Quand répéter à la main devient ridicule

À la leçon 2, pour matcher un code postal, tu as écrit \d\d\d\d\d. Ça marche. Mais c'est laid, et le jour où il faut quinze chiffres, tu pleures. Répéter un motif à la main, ça ne passe pas à l'échelle.

Les regex ont une réponse : les quantificateurs. Un petit symbole collé après un motif qui dit « répète ça, tant de fois ». \d\d\d\d\d devient \d{5}. Plus court, plus clair, et tu changes le nombre en une frappe.

Voici la boîte à outils complète. Chaque quantificateur se place juste après le caractère ou la classe à répéter :

{5} : exactement 5 fois.
{2,4} : entre 2 et 4 fois.
{3,} : au moins 3 fois, sans limite haute.
* : 0 fois ou plus (raccourci de {0,}).
+ : 1 fois ou plus (raccourci de {1,}).
? : 0 ou 1 fois. Autrement dit : optionnel.

Retiens surtout les trois célèbres : *, + et ?. Tu les croiseras partout. La nuance qui compte : + exige au moins une occurrence, * en accepte zéro. Un champ qui peut être vide, c'est * ; un champ qui doit contenir quelque chose, c'est +.

À toi : compter avec {n} et rendre optionnel avec ?

Premier labo. Matche un code postal français : exactement cinq chiffres. Le motif \d\d\d\d\d marcherait, mais on veut la version courte. Tape le motif, regarde les chiffres se surligner en direct.

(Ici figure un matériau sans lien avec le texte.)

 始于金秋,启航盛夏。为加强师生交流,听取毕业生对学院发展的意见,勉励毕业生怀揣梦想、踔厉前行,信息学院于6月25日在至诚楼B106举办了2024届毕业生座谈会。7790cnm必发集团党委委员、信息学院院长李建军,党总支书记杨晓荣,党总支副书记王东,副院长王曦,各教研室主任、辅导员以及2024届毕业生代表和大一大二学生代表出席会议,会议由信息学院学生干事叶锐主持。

🎯 Labo regex · cinq chiffres, sans se répéter

Voir la solution

Motif : \d{5}. La classe \d (un chiffre, vue à la leçon 2) suivie du quantificateur {5} (exactement cinq fois). Le 123 ne fait que trois chiffres : pas de match, c'est attendu. Et Lyon 69007 centre matche parce qu'il contient cinq chiffres d'affilée (on ancrera ce genre de motif à la leçon 4).

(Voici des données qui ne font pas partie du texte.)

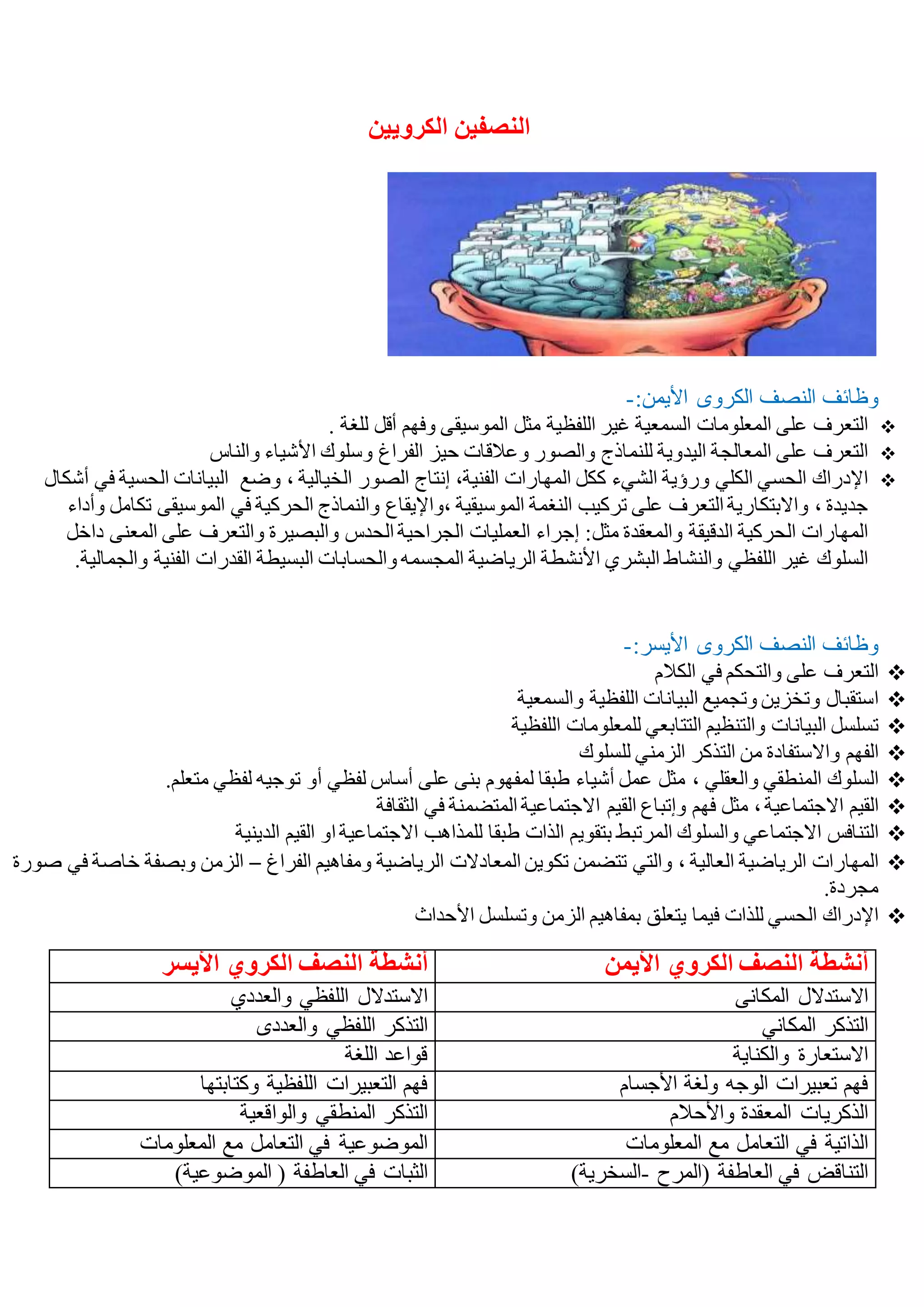 تناقش الوثيقة وظائف النصفين الكرويين للمخ، حيث يتميز النصف الأيمن بمعالجة المعلومات غير اللفظية والمهارات الحركية الإبداعية، بينما يختص النصف الأيسر بالكلام والبيانات اللفظية والتفكير المنطقي. يظهر ذلك من خلال تحليل المهارات العقلية والذهنية المرتبطة بكل نصف، مما يبرز الفروق النسبية في الأداء وأنماط التعلم. يتم التأكيد على أن الوظائف ليست حصرية لكل نصف، بل تتفاعل وتكامل بشكل معقد.

Deuxième labo, la lettre optionnelle. On veut matcher « chat » au singulier et au pluriel « chats », avec un seul motif. C'est le rôle du ? : le s final devient facultatif.

🎯 Labo regex · le pluriel optionnel

Voir la solution

Motif : chats?. Le ? porte sur le caractère juste avant lui, ici le s. Il le rend optionnel : zéro ou un s. Donc chat et chats matchent tous les deux.

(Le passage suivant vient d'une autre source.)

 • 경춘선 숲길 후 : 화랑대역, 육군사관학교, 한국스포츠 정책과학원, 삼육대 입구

Le piège du « contient » : attention, chats? matche aussi « chatte », parce que « chatte » contient la suite chat. Tant qu'on n'a pas vu les frontières (leçon 4), un motif se contente d'être présent quelque part dans la chaîne. C'est pour ça qu'ici la chaîne à exclure est « chien » : elle ne contient pas du tout chat.

Le piège n°1 : le moteur est gourmand

Maintenant la mission qui piège tout le monde. Tu as cette phrase :

un "chat" et un "chien"

Tu veux extraire ce qui est entre guillemets. Logique : « un guillemet, puis du texte, puis un guillemet ». Le motif évident, c'est " suivi de .+ (au moins un caractère, n'importe lequel) suivi de ". Soit ".+".

Avant de le tester, prédis. Le labo qui suit affichera en surligné exactement ce que le motif attrape.

Prédis avant de lire

Sur la phrase un "chat" et un "chien", qu'est-ce que le motif ".+" va surligner ? Le mot « chat » seul ? Les deux mots séparément ? Ou autre chose ?

Voir la réponse

Un seul gros bloc : "chat" et un "chien", d'un guillemet à l'autre. Le moteur attrape le premier guillemet, puis .+ avale tout jusqu'au dernier guillemet de la ligne, guillemets du milieu compris. Tu voulais deux petits morceaux, tu obtiens un seul énorme. Joue le labo ci-dessous et regarde le surlignage : c'est flagrant.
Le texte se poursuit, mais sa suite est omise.